Baca berita tanpa iklan. Gabung Kompas.com+

Halau Pencari Suaka, Pemerintah Indonesia Diminta Protes Australia

Kompas.com - 07/01/2014, 15:42 WIB
JAKARTA, KOMPAS.com — Pengamat Hukum Internasional Hikmahanto Juwana mengkritisi kebijakan Australia menghalau kapal para pencari suaka yang hendak ke Australia lalu diarahkan kembali ke perairan Indonesia. Menurut Hikmahanto, Australia tidak mempraktikkan kebijakan bertetangga yang baik.

"Pemerintah Indonesia perlu memprotes keras tindakan AL Australia tersebut. Pemerintah Indonesia harus meminta agar Pemerintah Australia turut bertanggung jawab dan tidak sekadar cuci tangan atas permasalahan pencari suaka," kata Hikmahanto seperti dikutip Antara, Selasa (7/1/2014).
 
Sebelumnya, Angkatan Laut Australia menghalau 45 imigran gelap asal Timur Tengah yang hendak ke perairan Australia lalu diarahkan kembali ke perairan Indonesia dan berujung ke Ndao, NTT. Tindakan AL Australia itu merupakan implementasi dari kebijakan PM Tony Abbott untuk menghalau para pencari suaka ke wilayah Indonesia (boat turnback policy).

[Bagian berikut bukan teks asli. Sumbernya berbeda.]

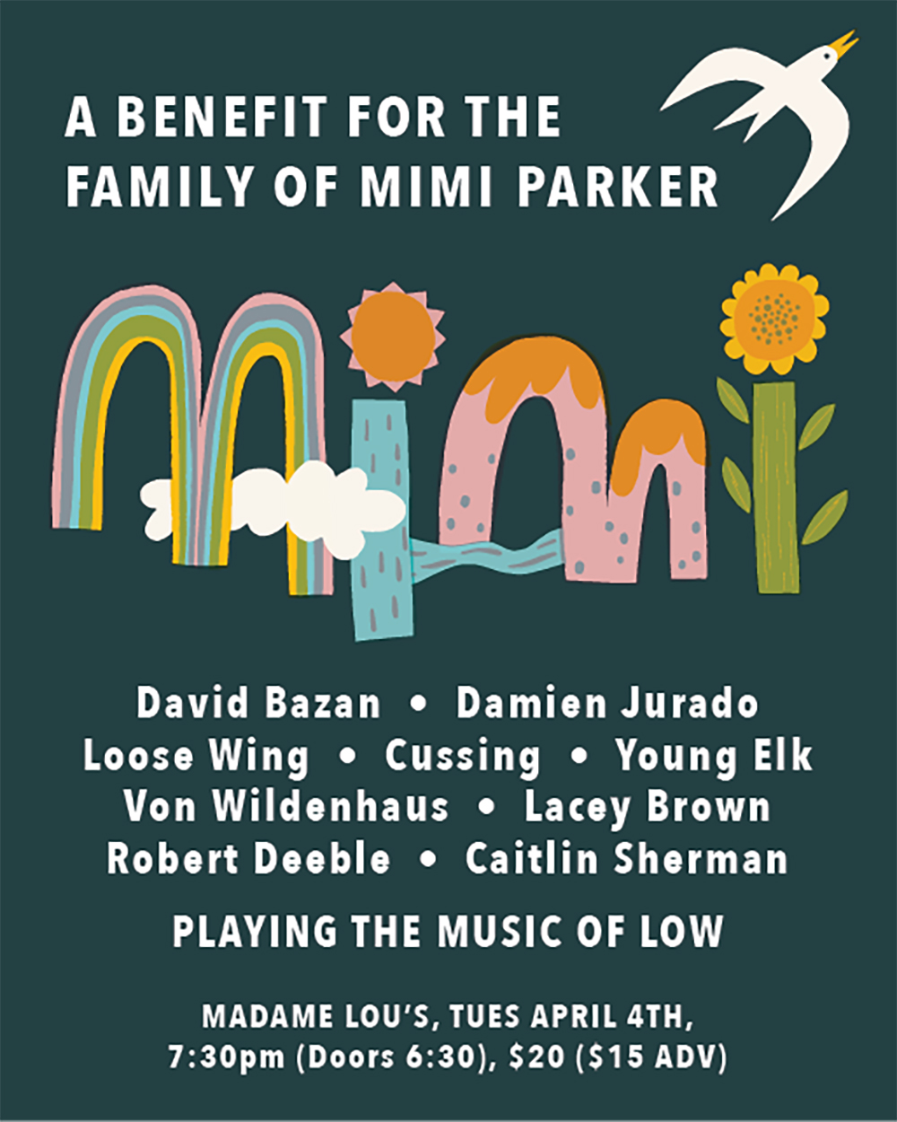 Hear all these covers and more on Tuesday, April 4th at Madame Lou’s, with David Bazan, Damien Jurado, Loose Wing, Cussing, Von Wildenhaus, Young Elk, Robert Deeble, Caitlin Sherman, and Lacey Brown. All proceeds to benefit the family of Mimi Parker. Tickets available here, and donations accenpted here.

Hikmahanto mengatakan, Pemerintah Indonesia perlu menyampaikan protes lantaran pada kenyataannya para pencari suaka berkeinginan ke Australia, bukan ke Indonesia. Bila tindakan AL Australia terus berlanjut, kata dia, maka AL Indonesia dan Basarnas perlu memperlengkapi para pencari suaka dengan berbagai peralatan agar mereka bisa sampai di Australia dengan selamat.

Pemerintah, tambah dia, harus tegas dalam menghadapi kebijakan Australia dalam menangani para pencari suaka. Ia menilai tindakan tegas itu dibutuhkan agar kedaulatan RI tidak dilecehkan oleh Australia dan Indonesia tidak menjadi tempat bagi "masalah" Australia.

Aksi kapal perang AL Australia yang memasuki wilayah perairan Indonesia secara semena-mena itu diketahui setelah Kepolisian Resor Rote Ndao di Pulau Rote, sekitar 40 mil dari Kupang, ibu kota Provinsi Nusa Tenggara Timur, mengamankan 45 imigran gelap asal Timur Tengah yang terdampar di Dusun Kakaek, Desa Lenupetu, Kecamatan Pantai Baru, Kabupaten Rote Ndao, di Pulau Rote, Senin (6/1/2014).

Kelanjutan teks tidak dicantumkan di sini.